Горький пепел - страница 24
– Я боюсь не успеть, – признал он неохотно. – И боюсь не выстоять. У меня почти ничего нет: горстка обученных людей, две горстки рекрутов, немного оружия и я, недоучка.
Владыка задумчиво глядел на него, склонив голову набок.
– С тобой это больше, чем было у других. А страх не даст тебе преуменьшить опасность.
– Да, – Дармоншир щелкнул зажигалкой и поднялся. – Ты мудр и выдержан, Нории. Может, и я когда-то буду таким.
– Слишком выдержанным ты никогда не станешь, нам все-таки придает мягкости Мать-Вода, – усмехнулся Нории. – Но тебе ведь исполнилось тридцать пять, для нас ты только-только переступил черту совершеннолетия. Дети Воздуха медленно взрослеют, над нами превалируют ощущения, а не чувства, желания, а не разум. Чем ярче ощущение, тем нам лучше. А потом разум берет верх, появляются сдержанность и спокойствие. Не абсолютные – все-таки Воздух не может существовать в покое.

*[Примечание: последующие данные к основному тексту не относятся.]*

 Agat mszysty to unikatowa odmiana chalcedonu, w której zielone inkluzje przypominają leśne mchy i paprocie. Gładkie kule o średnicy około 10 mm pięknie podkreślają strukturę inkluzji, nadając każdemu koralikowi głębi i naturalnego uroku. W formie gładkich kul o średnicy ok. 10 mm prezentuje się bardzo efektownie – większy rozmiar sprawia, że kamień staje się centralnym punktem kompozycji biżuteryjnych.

– Это что же, я лет через двадцать стану таким же замороженным, как его величество Луциус, хорошего ему перерождения? – поразился Люк, спешно затягиваясь, чтобы скрыть озноб, который начал пробивать, и утихомирить желание обернуться. При упоминании старого змея в сердце кольнуло сожалением.

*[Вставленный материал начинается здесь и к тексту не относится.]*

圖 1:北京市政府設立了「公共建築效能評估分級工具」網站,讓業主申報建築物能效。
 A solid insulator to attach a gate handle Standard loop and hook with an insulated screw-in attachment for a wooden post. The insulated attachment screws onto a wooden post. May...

– Ты неправ. Мой брат по воздуху был человеком сильнейших страстей, – Владыка с печалью кинул взгляд на багровеющее небо. – Просто он научился этого не показывать. И ты научишься, – он перевел взгляд на Люка. – Пойдем же, пока ты не обернулся прямо здесь и не начал охотиться на слуг и горожан. И на будущее: избегай сильного голода и сильного гнева, брат. Иначе волей-неволей отведаешь человечины. Воздух, когда наливается гневом, становится неудержимее огня.

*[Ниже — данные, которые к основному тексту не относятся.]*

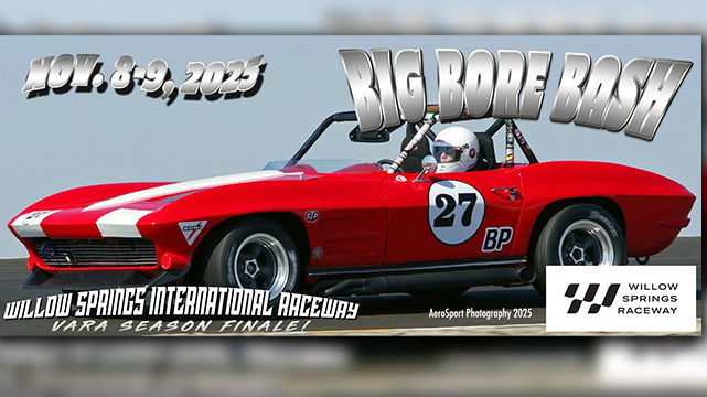 It is with great pleasure that the Vintage Auto Racing Association invites you to the “Lucas Oil Big Bore Bash”. The main feature will be VARA’s Big Bore Pursuit Challenge Ford vs. Chevy Challenge. Last years staggered start gave all entrants a chance to shine and we expect the same for BBB 2025

Они вылетели далеко за город – туда, где по полям, высоко вскидывая копыта, носились в свете заходящего солнца стада одичавших верблюдов и косуль, – и устроили настоящее кровавое пиршество. Дракон быстро наелся, улегся среди цветущего луга, с удовольствием вдыхая запах медовой пыльцы, приправленный густым духом крови, и терпеливо ждал, пока насытится оголодавший сородич. Змей, словно сорвавшись с привязи, заглатывал несчастных животных, роняя кровавые слюни и периодически угрожающе шипя в сторону Владыки. Мое, мол, не трожь. Тогда дракон лениво шевелил крыльями: «Видишь, не претендую», – и на время успокоившийся потомок Белого снова гнался за добычей и хватал ее, закатывая глаза от удовольствия.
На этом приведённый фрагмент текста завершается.